Professor Tijssen, who has devoted almost forty years of his career to INRS, is still the author of publications in prestigious journals.
Peter Tijssen continues his role as a scholar and knowledge spreader to students at INRS. Photo : Christian Fleury
Professor Tijssen’s dynamism will not be curbed by retirement. His passion for the research field to which he has devoted his life, molecular virology, continues to drive him—he affectionately calls it “his hobby.”
After a decade as a researcher at the Université de Montréal, Peter Tijssen joined the ranks of INRS’s Armand-Frappier Santé Biotechnologie Research Centre in 1985, formerly known as the Institut Armand Frapper (IAF). He would dedicate more than four decades to the institution, which named him Professor Emeritus in 2018 (in French only). Professor Tijssen likes to recall the excellent years he spent with the Québec research and training establishment.
“INRS offers a fantastic environment for faculty members and students, who form a big family. I have fond memories of my colleagues and my teams of young scientists. Exchanges are the foundation of research, which is the sum of a group of people and a chain of shared thoughts.”– Peter Tijssen, Professor Emeritus and expert in molecular virology.
At almost 80, Peter Tijssen continues his role as a scholar and knowledge spreader to students at INRS.
He likes to convey the deeply human dimension of research—with colleagues on the one hand, and in the service of the public on the other. “Research must have a concrete objective for society,” he emphasizes. “When we study the structure of a virus, for example, we can develop a drug that is like a key in a lock.
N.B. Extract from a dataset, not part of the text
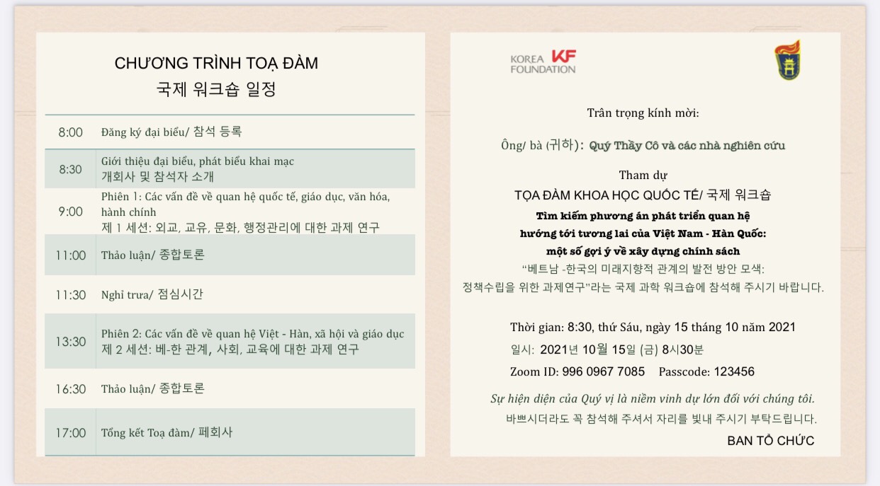 베트남과 한국에서 온 강사, 연구자, 교수, 박사 등이 함께 발표하는 워크숍의 논문은 베트남어와 한국어로 기재됐다. 워크숍에서 발표하는 논문은 베트남 한국학술연구회의 '한국' 저널에 등재될 예정이다.
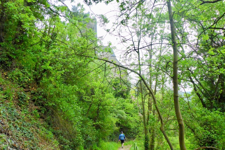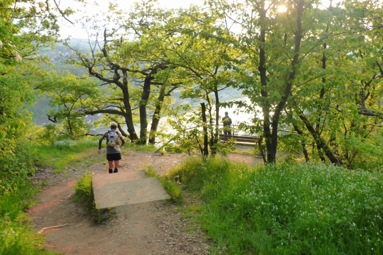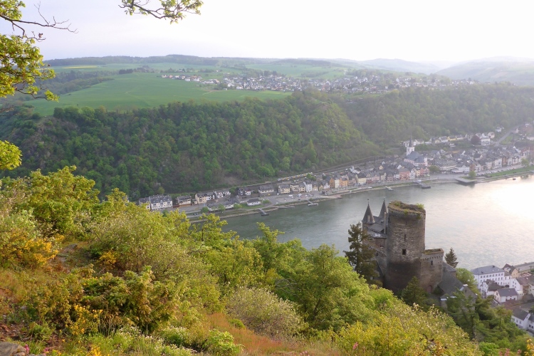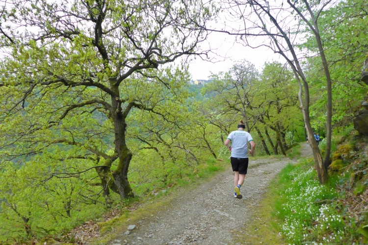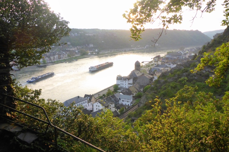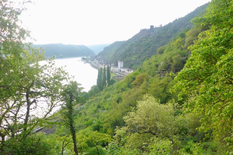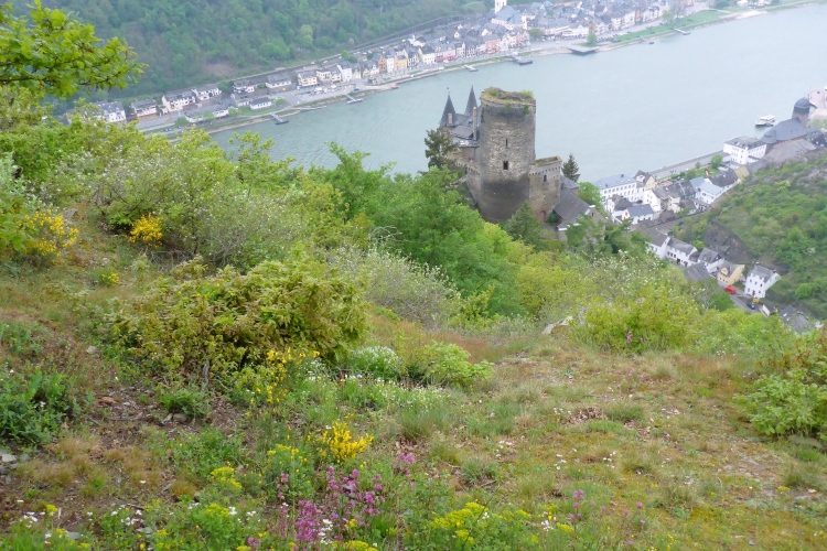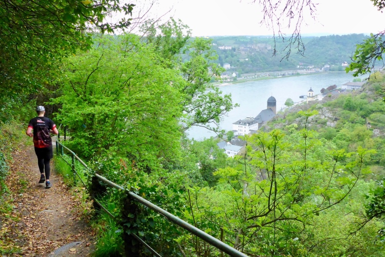 Gleich nach dem Start kommen wir an zwei Aussichtspunkten mit herrlichem Blick zur Burg Katz und nach St. Goarshausen und St. Goar vorbei. Dann laufen wir schnell durch wunderschönen Wald bergab. Die erste Hälfte der Abstiegsstrecke kann man einigermaßen gut laufen, danach folgen immer wieder teilweise steile Treppen. Neben dem Weg blühen viele Blumen, Sträucher und Bäume. Obwohl wir an der um 1371 erbauten Burg Katz (eigentlich Burg Neu-Katzenelnbogen) vorbeilaufen, sieht man von dem Gemäuer an diesem Streckenabschnitt nur wenig. Die Burg ist in Privatbesitz und kann nicht besichtigt werden.

Each virus has its own key to recovery.”
In his most recent article, chosen as Editor’s Highlight and published on June 14 in the leading journal Nature Communications alongside American colleagues including his former student Hanh T. Pham, Professor Tijssen and his team have focused on the domestic cricket, identifying a parvovirus called Acheta domesticus segmented densovirus (AdSDV), which has the particularity of presenting bipartite genomes, i.e., with two DNA segments in separate virions.
These results open new avenues, especially for basic parvovirus research since multipartite viruses can now be created to study viral functions and for gene therapy.
The cricket industry is currently worth several billion dollars worldwide. These results are therefore of undeniable interest to this economic sphere, since the AdSDV virus studied by Professor Tijssen’s team appears ubiquitous in pet crickets, which are mainly bred to feed domestic lizards and snakes.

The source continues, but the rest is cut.